>>>>>

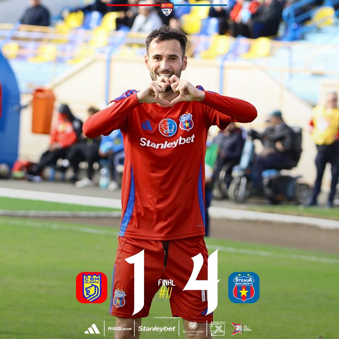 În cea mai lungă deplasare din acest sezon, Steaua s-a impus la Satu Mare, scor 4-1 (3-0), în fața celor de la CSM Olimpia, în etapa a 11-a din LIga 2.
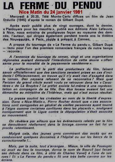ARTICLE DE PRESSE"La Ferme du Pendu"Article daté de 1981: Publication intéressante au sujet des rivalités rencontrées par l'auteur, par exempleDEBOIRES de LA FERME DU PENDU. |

<<<<<
>>>>>

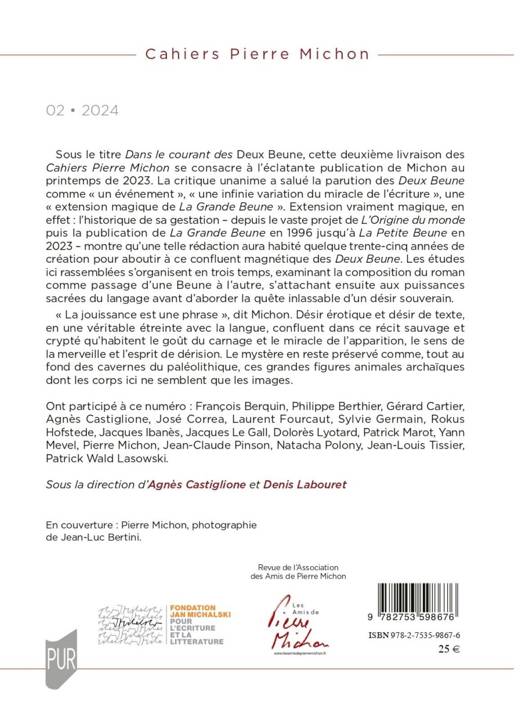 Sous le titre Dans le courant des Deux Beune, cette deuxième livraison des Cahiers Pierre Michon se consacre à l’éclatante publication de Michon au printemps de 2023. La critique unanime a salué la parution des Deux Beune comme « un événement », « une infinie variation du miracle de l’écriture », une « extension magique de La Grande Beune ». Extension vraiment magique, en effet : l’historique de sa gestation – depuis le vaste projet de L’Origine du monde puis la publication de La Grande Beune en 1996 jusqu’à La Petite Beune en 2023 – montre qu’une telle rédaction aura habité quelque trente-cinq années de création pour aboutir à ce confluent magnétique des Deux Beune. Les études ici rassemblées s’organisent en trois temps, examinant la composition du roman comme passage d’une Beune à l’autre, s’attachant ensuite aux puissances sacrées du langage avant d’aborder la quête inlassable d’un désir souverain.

<<<<<
>>>>>

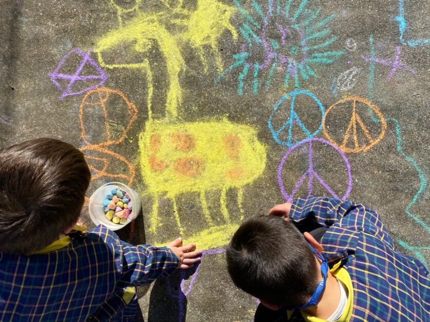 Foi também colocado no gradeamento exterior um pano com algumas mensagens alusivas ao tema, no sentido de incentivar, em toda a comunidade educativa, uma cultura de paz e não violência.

<<<<<

## Exercise details
What are the lines in the records above, word for word, from the one containing "În cea mai lungă" through the one containing "DU PENDU. |", both ends included and pictures left out?

## Response to this exercise
 În cea mai lungă deplasare din acest sezon, Steaua s-a impus la Satu Mare, scor 4-1 (3-0), în fața celor de la CSM Olimpia, în etapa a 11-a din LIga 2.
ARTICLE DE PRESSE"La Ferme du Pendu"Article daté de 1981: Publication intéressante au sujet des rivalités rencontrées par l'auteur, par exempleDEBOIRES de LA FERME DU PENDU. |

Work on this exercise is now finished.